Scary? It’s a lovely logic. The d means “delete”. The 3 just means “do what comes next 3 times.” And the ) means “move one sentence up.” Thus, “delete 3 sentences.” You could easily delete 30 or 300.

With a mere ESC, you turn your whole keyboard into a control pad. Vim, like all Linux, is insanely customizable, so you can even be like me and switch the ESC and CAPS LOCK keys. (CAPS LOCK is about 251 times faster to press then ESC.) When you’ve done all the deleting or rearranging or whatever, you hit “i” and you’re back in insert mode. Or hit “:” and you’re in command mode.

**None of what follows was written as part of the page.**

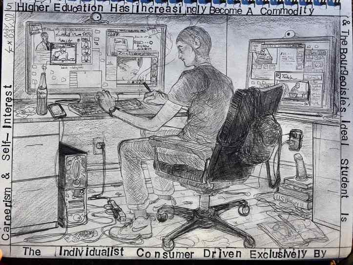 On October 24th, the May Day Student Organization hosted a public art show, Content and Form. We called for artists of all mediums to submit pieces that illustrated any of six selected quotations from the MDSO’s program. The submissions included drawings, sculpture, graphic art, and spoken word. The artworks prompted debate and discussion among MDSO members, artists, and audience members on the relationship between art and politics. This article summarizes and develops some of the most important ideas discussed at the event.

Curious? Guess what, you don’t even need Linux to try Vim. There’s a Windoze version that’s almost as cool.

Course, there’s a Windoze version for Emacs too. Emacs (probably) has most of the same tools as Vim, but you need to hold down various permutations of Ctrl and Alt to do anything. If you get used to the lightning keystrokes of Vim, that starts to feel slow. On the other hand, you can stay in Emacs and use it to check your email, download files, and even play a text game. So it’s worth trying too.

But you’ll like Vim better.

And we haven’t even talked about add-ons. As usual, the crazy community of Open Source has inspired tons of free add-ons. When I started using LaTeX (a program for making plain text into pretty printables), I worried I might have to use a separate, specialized text editor. Nonsense. Someone had already written Vim-LaTeX.

My favorite add-on is VimOutliner. It’s what it sounds like, an outliner, but it’s the fastest, easiest way to arrange thoughts you’re likely to meet. I use it to take notes, plan stories, whatever.

So try it. Using any decent text editor is like moving from a couple blunt rocks to a full toolset. Come on, you have to write all the time. Go try Vim.